Budesonide did have a detectable benefit in two symptom categories, "unwell" feelings and activity restriction, in patients who graded these symptoms as mild at presentation. The amount of improvement declined with increasing initial symptom severity, and the drug was a clear detriment to patients with more severe initial symptoms.


Dr. Williamson and his group calculated that budesonide's benefit relative to placebo at day 10 decreased by 0.28 points (P=0.003, 95% CI: 0.10 to 0.45) for each 1-point increase in initial severity of the unwellness and activity symptoms.


Under this linear model, patients with initial scores of 1 for these symptoms had a benefit of 0.47 points at day 10 with budesonide. Those with baseline scores of 5 on these symptoms worsened by 0.65 points with budesonide.


Commenting on the clinical implications of their study, the researchers said that "topical steroids (because of their local method of delivery to the mucosa) are more likely to be of benefit at an early stage" of sinusitis.


Budesonide showed no effects on other symptoms in any patient subgroup.


Dr. Lindbaek said the results were largely in line with previous research.


"This study reinforces the lack of benefit from antibiotics shown in a number of other studies that recruited patients based on clinical symptoms and findings," he said. "Most patients with acute purulent sinusitis recover without antibiotic treatment, as was also observed in a study that used sinus computed tomography scans as the diagnostic standard."


However, he said, the small minority of sinusitis patients who have fever, malaise, and poor overall condition "still are in need of antibiotics."

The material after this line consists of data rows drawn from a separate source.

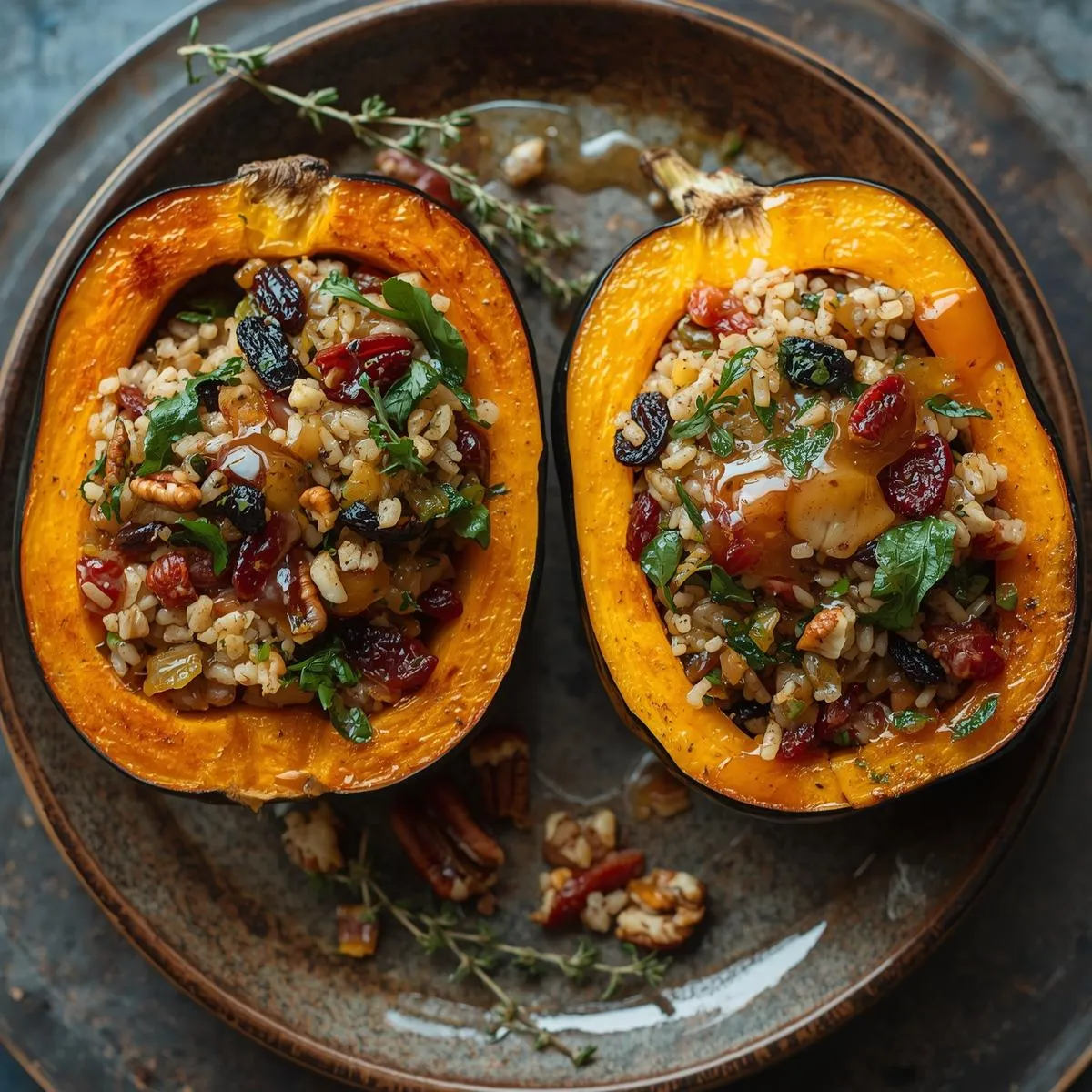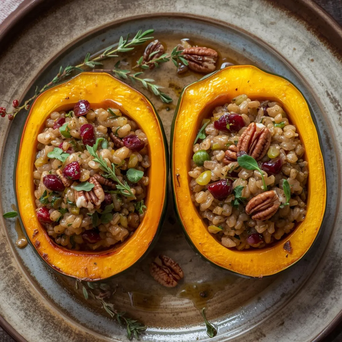 Stuffed Acorn Squash with Wild Rice, Cranberries & Pecans
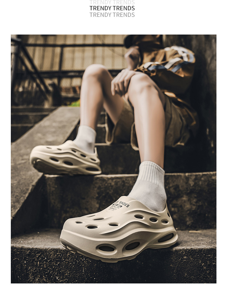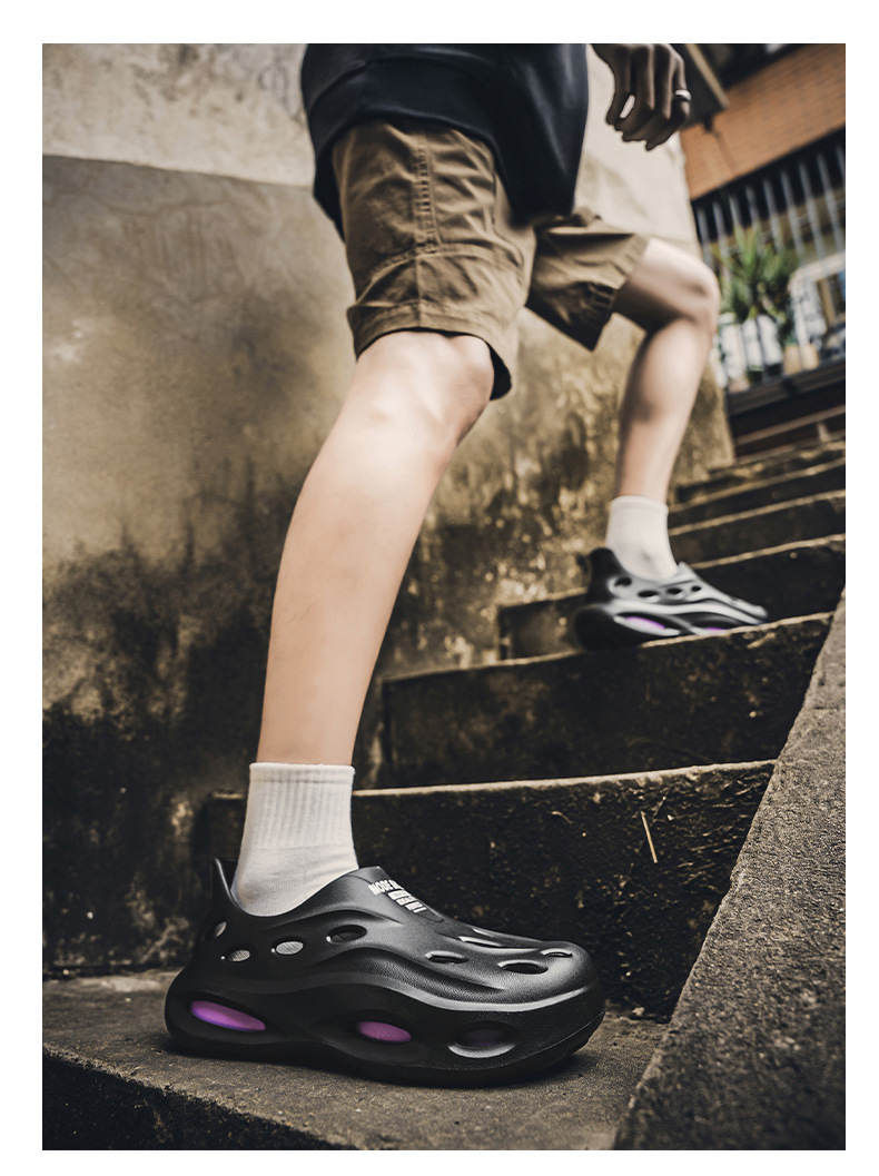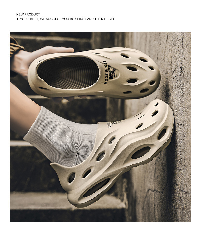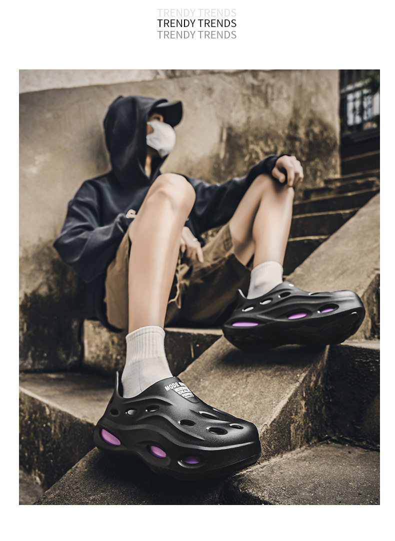 남성용 새로운 스타일의 편안하고 트렌디하며 패셔너블한 데일리 캐주얼 라운드 투 컬러 매칭 나막신 통기성 발가락 남성용 나막신스토어 가기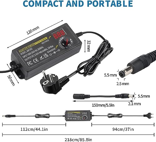 ▶【3V~24V 3A 72W Alimentatore】L'adattatore AC/DC all-in-one da 72W si adatta a molti dispositivi elettronici da 3 ~ 24 V 3 A come motore lineare DC, pompa DC, striscia LED, illuminazione sotto il mobile, box TV, altoparlanti intelligenti, router wireless, diffusore di oli essenziali, umidificatore, ventola USB, telecamera wifi, hub USB, box per hard disk, cornice digitale, sistema di sorveglianza DVR-NVR, ecc. e altri dispositivi con potenza inferiore a 72 W.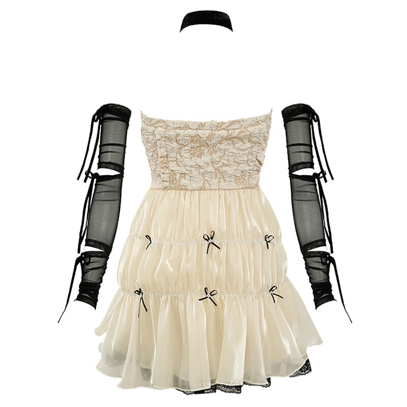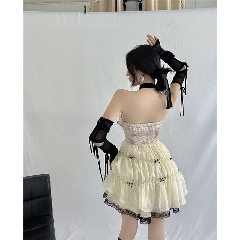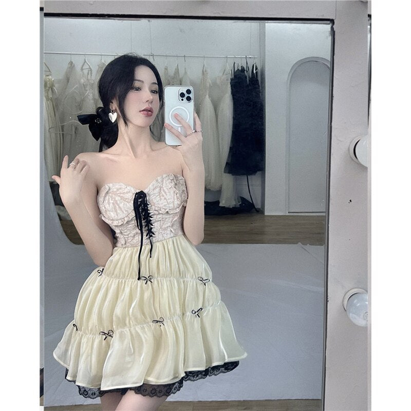 yipinpay Women's Clothing Tube Top Dress Bow Lacing Sleeveless French Casual Sexy High Waist Self Cultivation Short Skirt Ladies Summer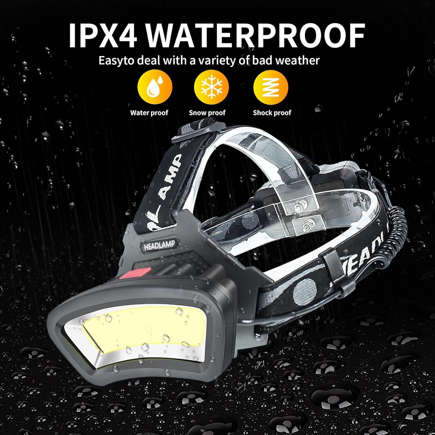 ▲Angle Adjustable & Waterproof For Outdoor Use —Practical, Reliable. The head lamp can be cracked 90° up/down and tightly fixed to avoid shaking and sliding when walking, adjust and enjoy any direction you want! Rated as IPX4 water resistant grade: On the outside, there’s a waterproof switch that’s safe to use even when it’s raining; The high-quality shell is more sealed and leak-proof, which is suitable for rain or snow, indoors or outdoors.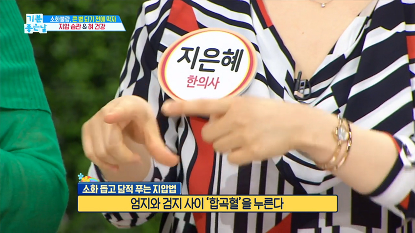 1. 엄지와 검지 사이를 합곡혈이라고 하는데 기혈순환이 원활하지 않을 경우 민감하게 작용한다.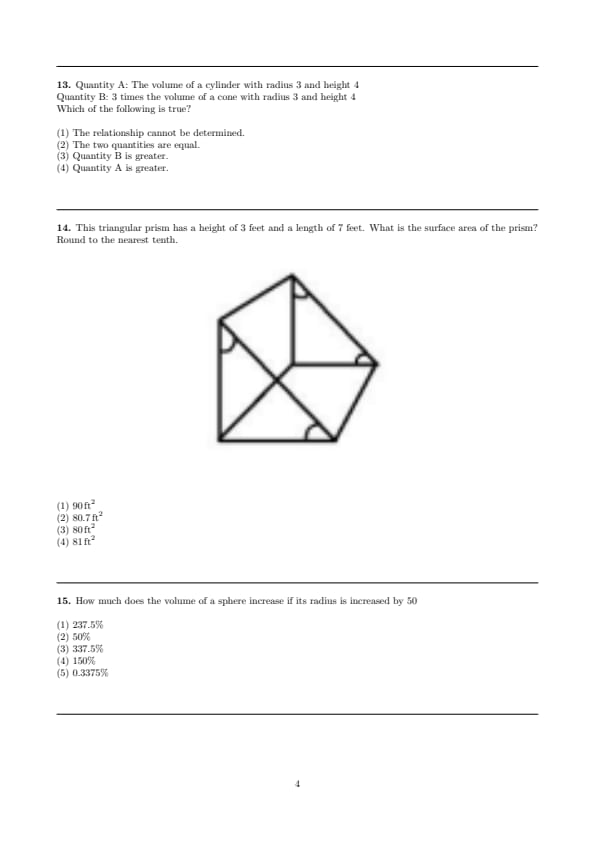 Quantity B: 3 times the volume of a cone with radius 3 and height 4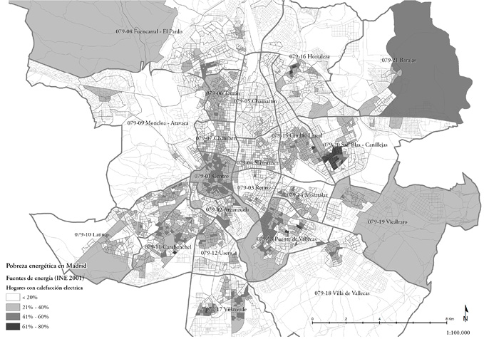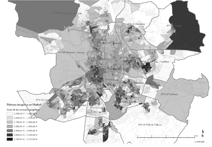 El objetivo general es la estimación de un indicador de pobreza energética desarrollado a partir del cálculo de la demanda energética para calefacción de la edificación residencial y del nivel de renta medio de los hogares para el municipio de Madrid. El ámbito de estudio está constituido por las áreas urbanas. Los datos se utilizan a escala inframunicipal, con la máxima desagregación posible: la sección censal. Las secciones son un referente geográfico de carácter estadístico y constituyen un instrumento eficaz tanto en trabajos censales o padronales, como para investigaciones por muestreo y en el Censo Electoral. Se desarrolla el indicador de pobreza energética con el objeto de incluirlo en el conjunto de indicadores sintéticos a partir de los que es posible delimitar ámbitos de vulnerabilidad integral, llamados barrios vulnerables (Temes, 2014).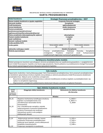 MAŁOP OLSKA WYŻSZ A SZ KOŁA E KONOMICZNA W TARN OW IE KARTA PROGRAMOWA Moduł kształcenia Strategie finansowe przedsiębiorstw – M27 Nazwa modułu kształcenia w języku angielskim Kierunek studiów Profil kształcenia Forma kształcenia Poziom przedmiotu (podstawowy/specjalnościowy/ ogólnouczelniany/kierunkowy/praktyczny) Status przedmiotu (obowiązkowy/do wyboru) Poziom modułu kształcenia Język wykładowy Semestr realizacji modułu Liczba punktów ECTS Liczba godzin Jednostka realizująca moduł Moduły poprzedzające Corporate financial strategies Zarządzanie ogólnoakademicki studia stacjonarne specjalnościowy obowiązkowy II stopień polski IV 3 Forma modułu: wykład Forma modułu: ćwiczenia 20 15 Katedra Zarządzania Finanse przedsiębiorstwa, Podstawy finansów, Zarządzanie strategiczne. Przydatna znajomość zasad funkcjonowania współczesnych organizacji w procesach gospodarczych. Syntetyczna charakterystyka modułu Moduł poświęcono kwestiom warunkującym istnienie przedsiębiorstwa we współczesnej gospodarce, z uwzględnieniem teorii źródeł finansowania i kapitału oraz kosztu jego pozyskania. Nacisk położono na przedstawienie strategii finansowych oraz metod usprawniających proces decyzyjny (pozyskanie kapitału). Cele modułu Zapoznanie studentów z teorią dotyczącą pojęć i form finansowania przedsiębiorstwa, form prawnych przedsiębiorstwa w kontekście optymalizacji struktury kapitału oraz praktyką w zakresie poszukiwania źródeł finansowania działalności przedsiębiorstwa. Nabycie przez studentów umiejętności: Rozumienia podstawowych mechanizmów w zakresie kształtowania struktury kapitału w przedsiębiorstwie i jej wpływ na zarządzanie organizacją. Wypracowanie umiejętności podejmowania skutecznych decyzji w procesie zarządzania finansami. Opis efektów kształcenia modułu Symbol efektu kształcenia dla modułu Osiągnięte efekty kształcenia Odniesienie do efektów kształcenia dla kierunku Wiedza: W_01 W_02 Wyjaśnia mechanizmy kształtujące strukturę kapitału w przedsiębiorstwie oraz charakteryzuje różnorodne formy finansowania. Zna i charakteryzuje narzędzia, metody wykorzystywane w procesie kształtowania struktury finansowej oraz analizuje i interpretuje wyniki w celu podjęcia efektywnych decyzji. K_W03++ K_W07+++ K_W09+ Umiejętności: U_01 U_02 Wykorzystuje poznane metody i ocenia możliwości finansowe przedsiębiorstwa (kalkuluje koszt kapitału, ocenia efektywność projektów inwestycyjnych). Proponuje rozwiązania na podstawie K_U01++ K_U02++ K_U03++ K_U08++ U_03 K_01 dokonanych analiz i interpretacji dla przypadków sytuacyjnych (wybór wariantów finansowania). Rozstrzyga wątpliwości związane z efektywnością zainwestowanego kapitału. Kompetencje społeczne: Efektywnie organizuje pracę własną, wykorzystując pragmatyczny sposób rozumowania i działania. K_K03++ Treści kształcenia modułu 1. 2. 3. 4. 5. 6. 7. Forma modułu: wykład Wprowadzenie do przedmiotu: Rozwój przedsiębiorstwa a zapotrzebowanie na kapitał; Forma prawna przedsiębiorstwa a uzyskiwanie kapitału własnego; Czynniki wpływające na strukturę kapitału poszczególnych przedsiębiorstw: Strategie finansowania aktywów obrotowych; Koszt i struktura kapitału; Planowanie finansowe w przedsiębiorstwie. Kryteria oceny strategii finansowych przedsiębiorstwa. Analiza ryzyka w strategiach przedsiębiorstwa. Problematyka efektywności przedsięwzięć inwestycyjnych. Narzędzia zarządzania wartością przedsiębiorstwa: koncepcja EVA. Literatura podstawowa 1. 2. 3. Literatura uzupełniająca 4. 5. 1. 2. 3. Forma modułu: ćwiczenia Wewnętrzne i zewnętrzne źródła finansowania przedsiębiorstwa. 2. Źródła finansowania a źródła kapitału. 3. Kapitał zainwestowany: Proces inwestowania kapitału w przedsiębiorstwie. Metody szacowania kosztu kapitału. Metody szacowania opłacalności zainwestowanych kapitałów (metody proste i dyskontowe). Zastosowanie dźwigni finansowej w wyborze wariantu finansowania. 1. Duliniec A. 2011. Finansowanie przedsiębiorstwa. Strategie i instrumenty. Warszawa: Polskie Wydawnictwo Ekonomiczne; Michalski G. 2009. Strategie finansowe przedsiębiorstw. Gdańsk: Wyd. ODDK; Czekaj J., Dresler Z. 2005. Zarządzanie finansami przedsiębiorstw. Podstawy teorii. Warszawa: Wyd. Naukowe PWN; Bień W. 2008. Zarządzanie finansami przedsiębiorstwa. Warszawa: Wyd. Difin; Jajuga K., Jajuga T. 2006. Inwestycje. Warszawa: Wyd. Naukowe PWN; Grzywacz J. 2008. Kapitał w przedsiębiorstwie i jego struktura. Warszawa: Oficyna Wydawnicza SGH; Cicirko T., Russem P. 2008. Prawno – ekonomiczne aspekty leasingu. Warszawa: Oficyna Wydawnicza SGH; Jaworski J. 2010. Teoria i praktyka zarządzania finansami przedsiębiorstw. Warszawa: Wydawnictwo CeDeWu; Metody dydaktyczne Klasyczna forma ćwiczeń z wykorzystaniem case study, dyskusja, praca w grupach, wspólne rozwiązywanie zadań rachunkowych.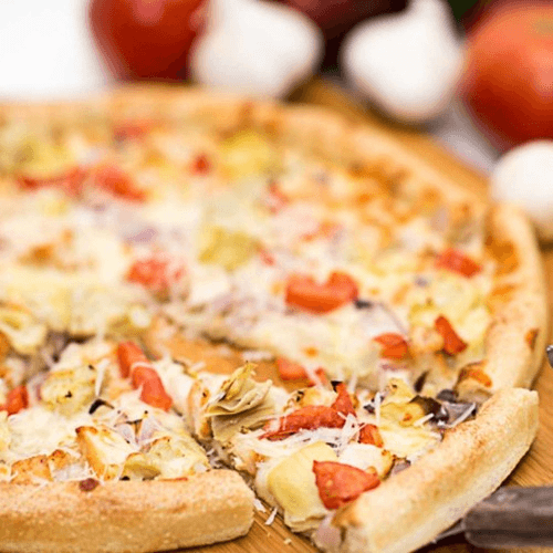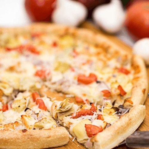 Garlic ranch sauce, grilled chicken, artichokes, onions, tomatoes & mozzarella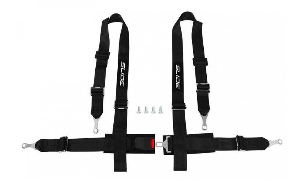 SLIDE 4-point sport safety belts, made of textile and partly of composite.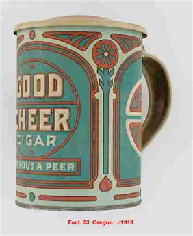 Less useful for drinking, but more decorative, is this c1912 tin can known to have been filled by at least two different cigar factories. This can was filled by D.C. Rose & Son, Factory 53 in Corvalis, Oregon.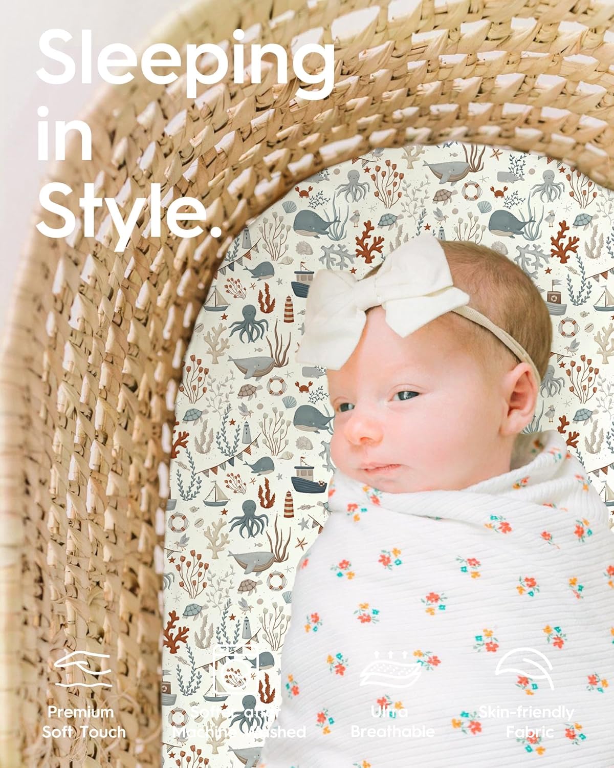 - ULTRA SOFT & SKIN-FRIENDLY: Our bassinet sheets are crafted from premium soft jersey rayon cotton, providing a royal treatment for your baby's delicate skin. Say goodbye to rashes and unwanted skin infections! With each wash, our bassinet mattress sheet grows even softer and more pliable, embracing your baby's bassinet mattress and gently caressing their precious skin.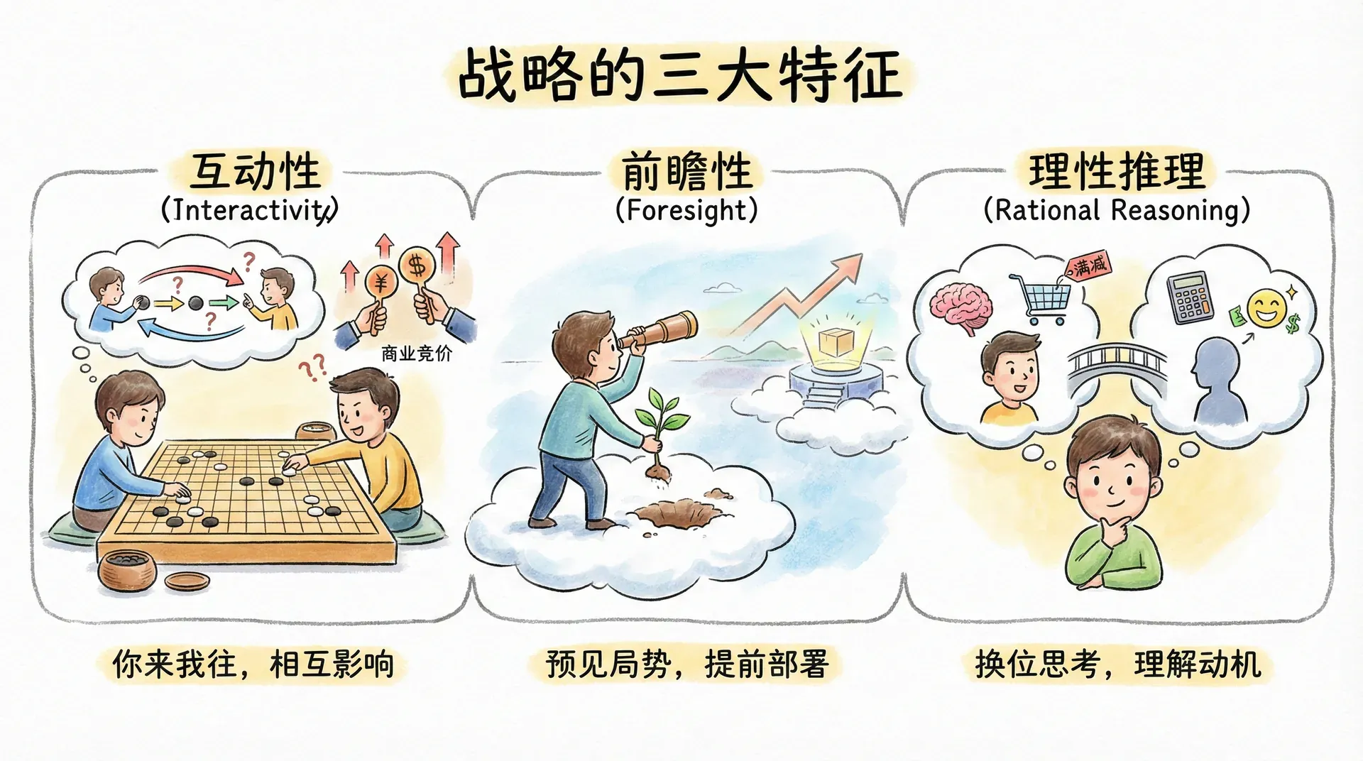 策略行为具有三个核心特征,我们可以用如下图片简明梳理:

He said the evidence was equivocal for the use of nasal steroids in acute sinusitis. One large study found a statistically significant benefit, he said, but the clinical difference from placebo "was modest at best."


Dr. Lindbaek said there may be patient subgroups, like the one identified in the Southampton study, that would show more benefit from either antibiotics or nasal steroids. These might be identifiable in a large meta-analysis of individual patient data from multiple trials, he said.


The study was funded by the U.K. Department of Health.


One co-author reported a financial relationship with Abbott Pharmaceuticals.

Primary Source

Journal of the American Medical Association

Williamson I, et al JAMA 2007; 298: 2487-96.

Secondary Source

Journal of the American Medical Association

Lindbaek M, JAMA 2007; 298: 2543-44.